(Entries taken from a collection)
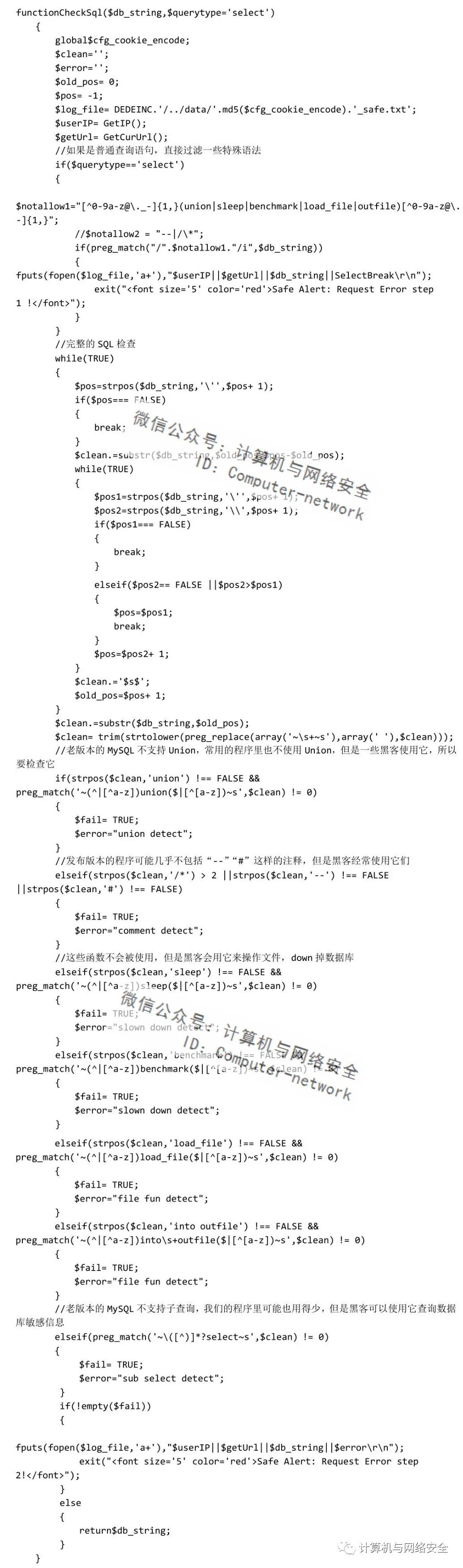 多数CMS都采用过滤危险字符的方式,例如,采用正则表达式匹配union、sleep、load_file等关键字,如果匹配到,则退出程序。例如80sec的防注入代码,如下所示。
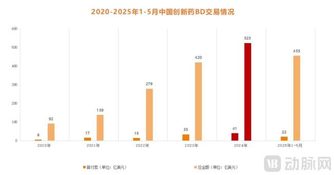 图3.2020-2025年1-5月中国创新药BD交易数据(数据来源医药魔方,动脉网制图)
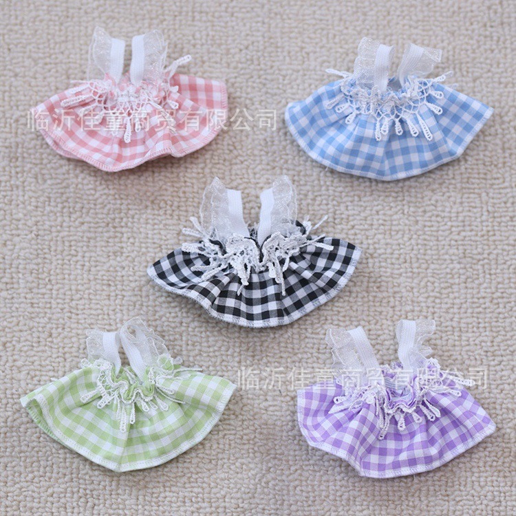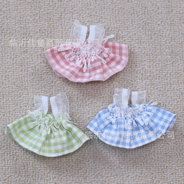 娃衣小裙子格子蕾丝吊带裙13cm掌门狗小挂件衣服娃裙换装辅料配件
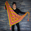 This shawl is inspired by the costumes in the TV show Outlander. The construction of the shawl is inspired by some of the shawls Claire wears in season 1, but the style and colours are inspired by the outfits Claire wore in Season 2 in Paris.
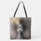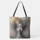 Uma face serena com olhos fechados é adornada com pestanas delicadas, com acento dourado e cercada por cabelo intrincado e saboroso
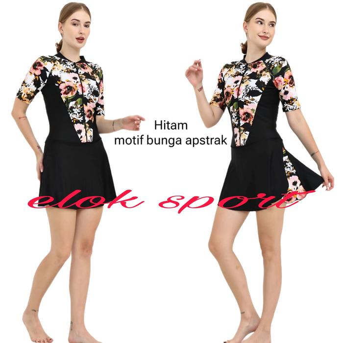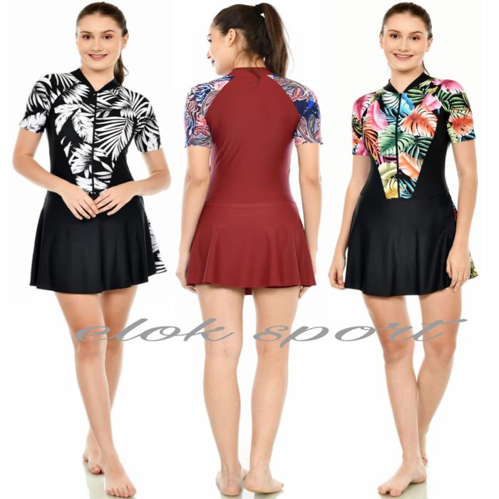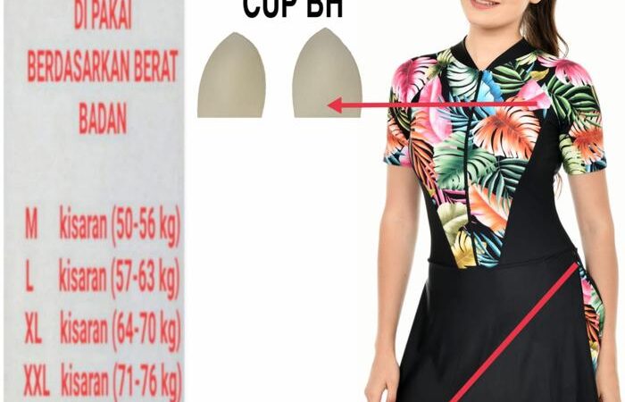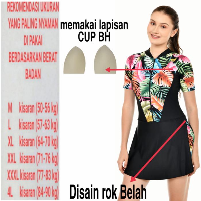 | Model | Diving rok lapis celana di atas lutut, lengan pendek, resleting depan, dan lapisan cup BH. |
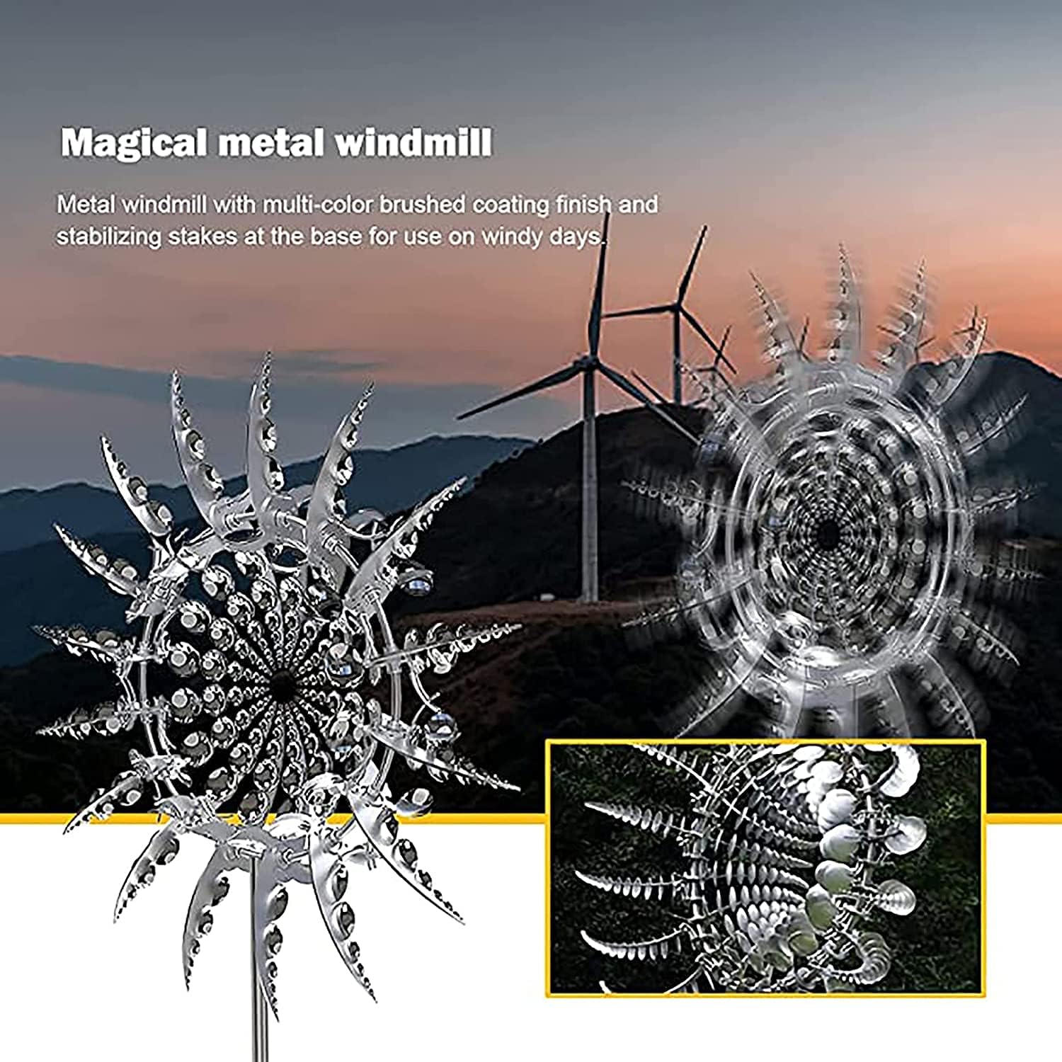 ♥♥♥ I increased the size of this windmill slightly to a diameter of 40cm, which is more suitable for decorating the courtyard. There are many windmills that are the same as ours, most of which are 30cm in diameter. Metal windmills can bloom and close with the wind. Each leaf is shining, very attractive and will make your courtyard full of vitality.Name: Metal WindmillProduct diameter: 40cmProduct pole length: 70cmProduct weight: 400g

§ **Task directions**
Copy the preceding data in full and word for word, dropping its pictures.

§ **Solution to this exercise**
 多数CMS都采用过滤危险字符的方式,例如,采用正则表达式匹配union、sleep、load_file等关键字,如果匹配到,则退出程序。例如80sec的防注入代码,如下所示。
 图3.2020-2025年1-5月中国创新药BD交易数据(数据来源医药魔方,动脉网制图)
 娃衣小裙子格子蕾丝吊带裙13cm掌门狗小挂件衣服娃裙换装辅料配件
 This shawl is inspired by the costumes in the TV show Outlander. The construction of the shawl is inspired by some of the shawls Claire wears in season 1, but the style and colours are inspired by the outfits Claire wore in Season 2 in Paris.
 Uma face serena com olhos fechados é adornada com pestanas delicadas, com acento dourado e cercada por cabelo intrincado e saboroso
 | Model | Diving rok lapis celana di atas lutut, lengan pendek, resleting depan, dan lapisan cup BH. |
 ♥♥♥ I increased the size of this windmill slightly to a diameter of 40cm, which is more suitable for decorating the courtyard. There are many windmills that are the same as ours, most of which are 30cm in diameter. Metal windmills can bloom and close with the wind. Each leaf is shining, very attractive and will make your courtyard full of vitality.Name: Metal WindmillProduct diameter: 40cmProduct pole length: 70cmProduct weight: 400g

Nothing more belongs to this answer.